Yeah, I swear I’ll only dream of you tonight"

This seems to spoil the flow a little at the end. Maybe

"And I swear I will dream only of you tonight.
Yes, I will dream only of you tonight"

Only a suggestion mind. Otherwise, brilliant! I will be looking forward to your next posting.

By the way feel free to tell me to shut (edited by moderator) up if you want to.  


Solipsism saves us from the atavism of the Equalitarian.

LTEvans

[This message has been edited by vlraynes (12-21-2002 01:29 AM).]

Trouble Breathing
Member
since 2002-11-12
Posts 63

2 posted 2002-12-16 08:57 PM


Now why would I do that? I asked for constructive criticism, don't worry

That's a good suggestion, Ill change that last line and/or maybe take it out all together.

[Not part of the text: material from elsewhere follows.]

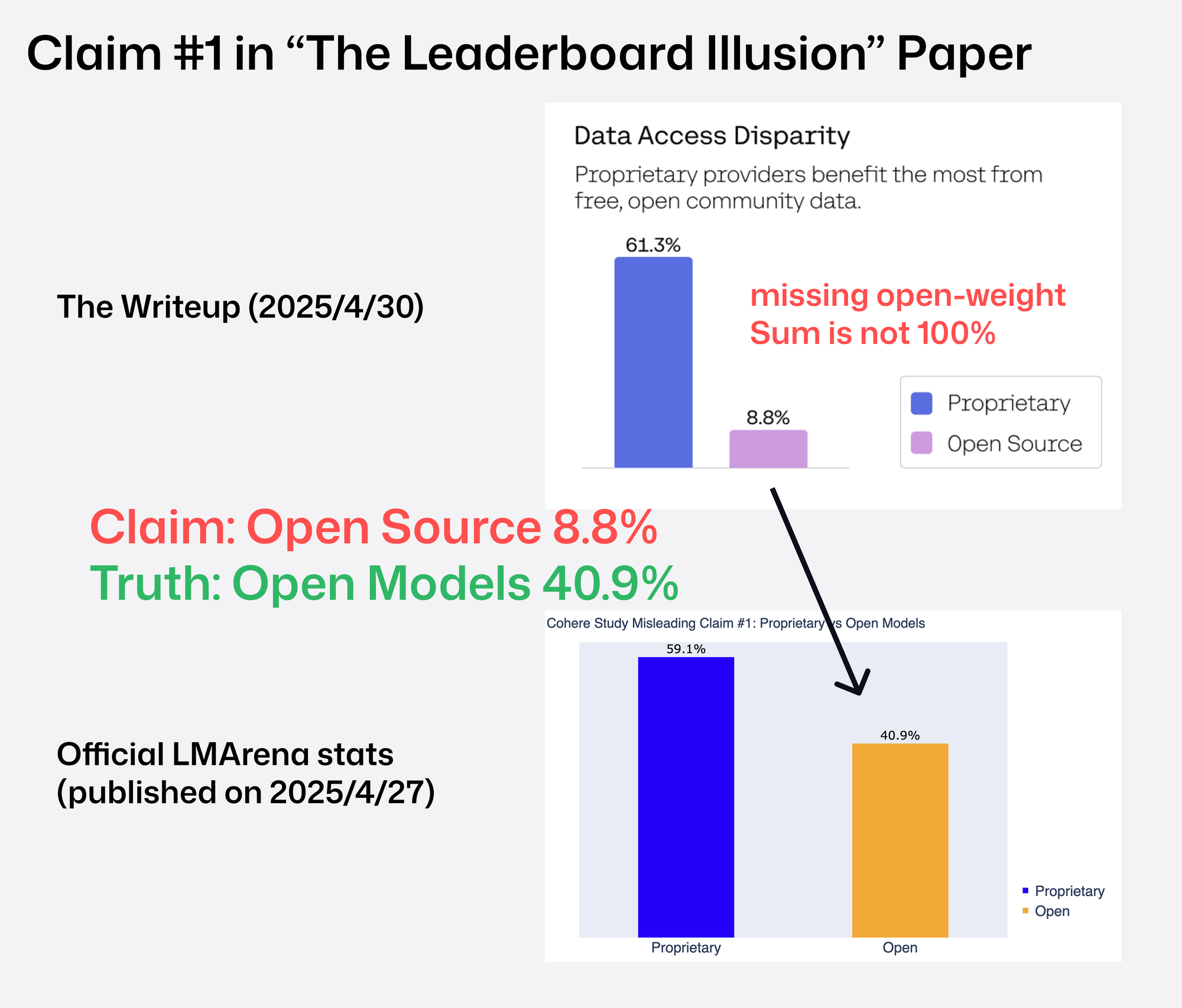 즉, 오픈 모델이 논문 주장처럼 8.8%가 아니라 약 40.9%를 차지한다는 점을 제시

What does everyone else think? should I change it, take it out, or leave it like it is?

vlraynes
Member Rara Avis
since 2000-07-25
Posts 8229
Somewhere... out there...
3 posted 2002-12-21 01:30 AM



Trouble Breathing~
I like this very much.
I really enjoyed the flow of this,
and just the over all feel of it.
Very nicely done.
~Vicky

"...until you have read the verse on his heart,
you have not truly met the poet.
~vlraynes

Heavens Tears
Deputy Moderator 1 TourDeputy Moderator 1 TourDeputy Moderator 1 Tour
Senior Member
since 2001-03-15
Posts 677

4 posted 2002-12-21 02:42 PM


I really enjoyed this piece, although I do agree with LT about the last line.  "Yeah" does kinda seem out of place or something.  But otherwise I thought it was great.  Keep writing!
OtherSideOfTheMirror
Member
since 2002-12-19
Posts 245

5 posted 2002-12-21 09:39 PM


"And I swear I’ll only dream of you tonight.
Yeah, I swear I’ll only dream of you tonight."

Personally, I love this line either way. I wouldn't have even realized that it does seem a little off if I hadn't read the other comments. I agree "Yes" instead, would be effective, but really you COULD just take the "yeah" out in general. You could even take out the I swear as well or just the I swear and make it just Yes... Just a suggestion of course, but maybe:

"And I swear I'll only dream of you tonight.
(Yes,)I'll only dream of you tonight..."

Whatever, regardless of any possible revisions I think the poem is fantastic as is. Very nice indeed.

-OtherSideOfTheMirror

aries_luv_ppl
Senior Member
since 2001-09-20
Posts 1448
Universal Mind
6 posted 2002-12-22 12:11 PM


firstly, I love this piece; secondly I think putting a "yes" in the last line is good. Just my humble opinion.

Eliza Simmons
~Sometimes when I look back at what I wrote, I don't recognize the 'Me' in the past anymore.

Lakewalker
Member Elite
since 2000-08-05
Posts 3289
On the streets w/ people
7 posted 2002-12-23 12:39 PM


I liked the poem, and Other side of the mirror's suggestion as well.  Good job writing, keep posting!

"Be kind for everyone you meet is fighting a harder battle" Plato.